The government has agreed to delay any action for three months on the earlier condition that presentation of a CNIC copy for buying and selling of goods up to Rs50,000 is mandatory.
The All Pakistan Association of Traders said that the sale process on the condition of identification card has been postponed till January 31.
Both sides have further agreed that traders with annual sales of up to Rs100 million will be excluded from the list of the withholding agents.
Furthermore, only those businessmen and traders with electricity bill equal to or more than Rs1.2 million annually will be required to get included with the sales tax registration.
It has also been decided to provide new registration and tax return forms in the Urdu language.
Earlier, the FBR proposed that the small shopkeeper will pay only 2% of turnover as tax or a fixed tax of Rs20,000 to Rs40,000 whichever is higher.

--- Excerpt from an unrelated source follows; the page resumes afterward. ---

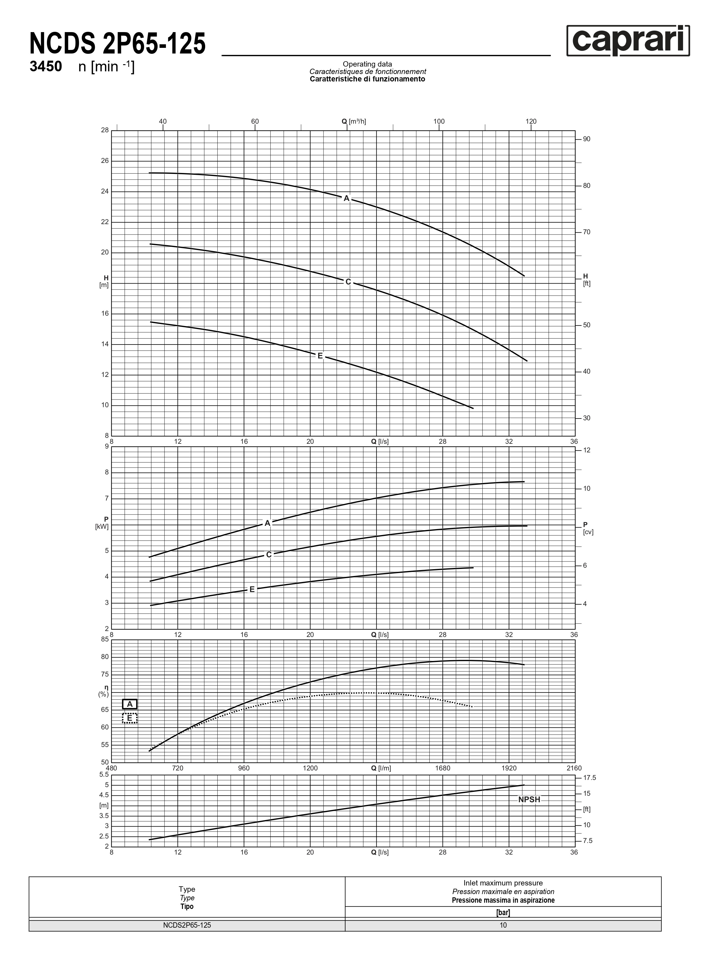 Одноступенчатые горизонтальные центробежные насосы Caprari NCDS 2P65-125 3450

Against 2% tax, the traders had demanded only 0.1% turnover tax and to set the turnover limit at Rs100 million per annum for a small shopkeeper.
All major groups of traders had sought to bring trade and economic activities across the country to a standstill for building pressure on the government to change its certain policies.
Traders had warned expanding the protest if the conditions, including presenting a CNIC copy for buying and selling goods up to Rs50,000 is not withdrawn.